• [PROBLEM DETAILS]:
Each line from the one containing "Cardigan noir à" to the end of the entries below is to be set down exactly; the pictures are not.

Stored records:
- - -

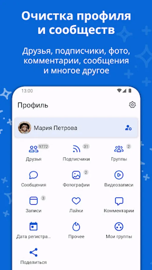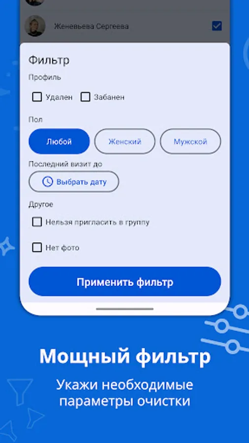 - Removing friends by filter (deleted or blocked profile, gender, last online date).
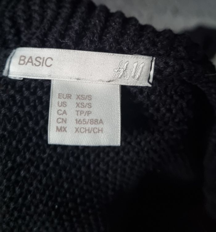Cardigan noir à manches longues, taille XS-S marque H&M, reste ouvert ne se ferme pas, longueur 92cm, largeur 53cm, longueur épaule à aisselle 20cm, largeur aisselle à aisselle 57cm, longueur manche 43cm.
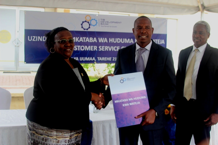 Mkurugenzi Mtendaji wa Benki ya Maendeleo ya TIB, Bw. Charles Singili (katikati) akionesha mfano wa Mkataba wa Huduma kwa Wateja (Customer Service Charter) mara ya kukakidhiwa na Mwenyekiti wa Bodi ya Wakurugenzi wa Benki ya Maendeleo ya TIB, Dkt. Mary Mashingo (kushoto). Anayeshuhudia ni mmoja wa wateja wa benki hiyo, Bw.Joseph Kidaha (kulia).
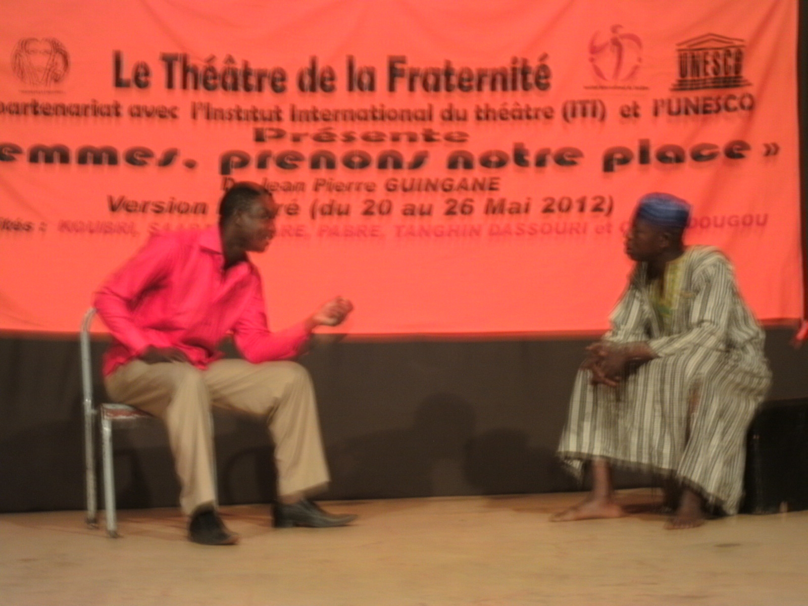 Jouée en langue mooré, Femmes, prenons notre place est un véritable plaidoyer pour la prise en compte des femmes dans les différents combats politiques du Monde. Du 20 au 26 mai, les acteurs sur scène, ont visité les localités de Koubri, Saaba, Pabré, Tanghin-Dassouri et bien sûr Ouagadougou. Né du partenariat entre le Théâtre de la Fraternité, l’Institut International de Théâtre et l’UNESCO, Femmes, prenons notre place, comme de nombreuses autres productions dans le domaine, est née de la plume de feu le Professeur Jean-Pierre GUINGANE qui a utilisé le Théâtre pour contribuer au développement de son pays.
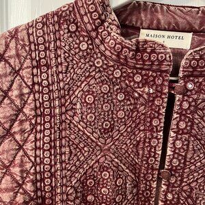 Beautiful quilted jacket from Maison Hotel, size S. Worn only 2x. Cozy and beautiful. Color is more like cranberry/sangria.
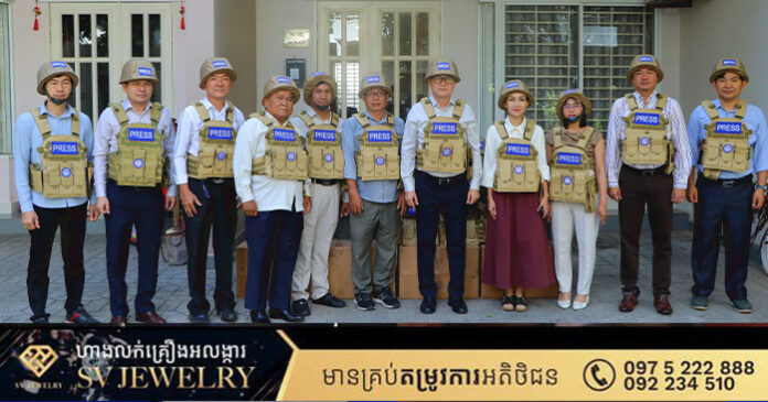 ភ្នំពេញ ៖ ក្លិបអ្នកកាសែតកម្ពុជា (ក.អ.ក) នៅថ្ងៃទី៥ ខែមករា ឆ្នាំ២០២៦ បានចែកអាវក្រោះ និងមួកសុវត្ថិភាពជាលើកទី២ ដល់អ្នកសារព័ត៌មានចំនួន ២១រូប មកពី ២០ស្ថាប័ន សរុបទាំងពីរលើកមានចំនួនជិត១០០ឈុតដើម្បីជួយការពារសុវត្ថិភាព ដល់អ្នកសារព័ត៌មានដែលកំពុងបំពេញការងារព័ត៌មាននៅតាមបណ្ដោយព្រំដែនកម្ពុជា-ថៃ និងទីកន្លែងងាយរងគ្រោះដទ ទៀតក្នុងតំបន់រងការវាយប្រហារពីទាហានថៃ។ អាវក្រោះ និងមួកសុវត្ថិភាពដែលមានស្លាកសញ្ញាអ្នកសារព័ត៌មាន ឬ PRESS ជាសញ្ញាដ៏ចាំបាច់បំផុតសម្រាប់អ្នកសារព័ត៌មាននៅពេលកំពុងបំពេញការងារ។
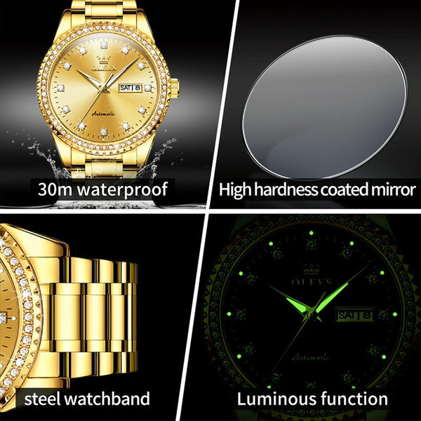OLEVS 7003 Men Multifunctional Waterproof Mechanical Watch(Gold)

- - -

• [RESULT FOR THIS EXERCISE]:
Cardigan noir à manches longues, taille XS-S marque H&M, reste ouvert ne se ferme pas, longueur 92cm, largeur 53cm, longueur épaule à aisselle 20cm, largeur aisselle à aisselle 57cm, longueur manche 43cm.
 Mkurugenzi Mtendaji wa Benki ya Maendeleo ya TIB, Bw. Charles Singili (katikati) akionesha mfano wa Mkataba wa Huduma kwa Wateja (Customer Service Charter) mara ya kukakidhiwa na Mwenyekiti wa Bodi ya Wakurugenzi wa Benki ya Maendeleo ya TIB, Dkt. Mary Mashingo (kushoto). Anayeshuhudia ni mmoja wa wateja wa benki hiyo, Bw.Joseph Kidaha (kulia).
 Jouée en langue mooré, Femmes, prenons notre place est un véritable plaidoyer pour la prise en compte des femmes dans les différents combats politiques du Monde. Du 20 au 26 mai, les acteurs sur scène, ont visité les localités de Koubri, Saaba, Pabré, Tanghin-Dassouri et bien sûr Ouagadougou. Né du partenariat entre le Théâtre de la Fraternité, l’Institut International de Théâtre et l’UNESCO, Femmes, prenons notre place, comme de nombreuses autres productions dans le domaine, est née de la plume de feu le Professeur Jean-Pierre GUINGANE qui a utilisé le Théâtre pour contribuer au développement de son pays.
 Beautiful quilted jacket from Maison Hotel, size S. Worn only 2x. Cozy and beautiful. Color is more like cranberry/sangria.
 ភ្នំពេញ ៖ ក្លិបអ្នកកាសែតកម្ពុជា (ក.អ.ក) នៅថ្ងៃទី៥ ខែមករា ឆ្នាំ២០២៦ បានចែកអាវក្រោះ និងមួកសុវត្ថិភាពជាលើកទី២ ដល់អ្នកសារព័ត៌មានចំនួន ២១រូប មកពី ២០ស្ថាប័ន សរុបទាំងពីរលើកមានចំនួនជិត១០០ឈុតដើម្បីជួយការពារសុវត្ថិភាព ដល់អ្នកសារព័ត៌មានដែលកំពុងបំពេញការងារព័ត៌មាននៅតាមបណ្ដោយព្រំដែនកម្ពុជា-ថៃ និងទីកន្លែងងាយរងគ្រោះដទ ទៀតក្នុងតំបន់រងការវាយប្រហារពីទាហានថៃ។ អាវក្រោះ និងមួកសុវត្ថិភាពដែលមានស្លាកសញ្ញាអ្នកសារព័ត៌មាន ឬ PRESS ជាសញ្ញាដ៏ចាំបាច់បំផុតសម្រាប់អ្នកសារព័ត៌មាននៅពេលកំពុងបំពេញការងារ។
OLEVS 7003 Men Multifunctional Waterproof Mechanical Watch(Gold)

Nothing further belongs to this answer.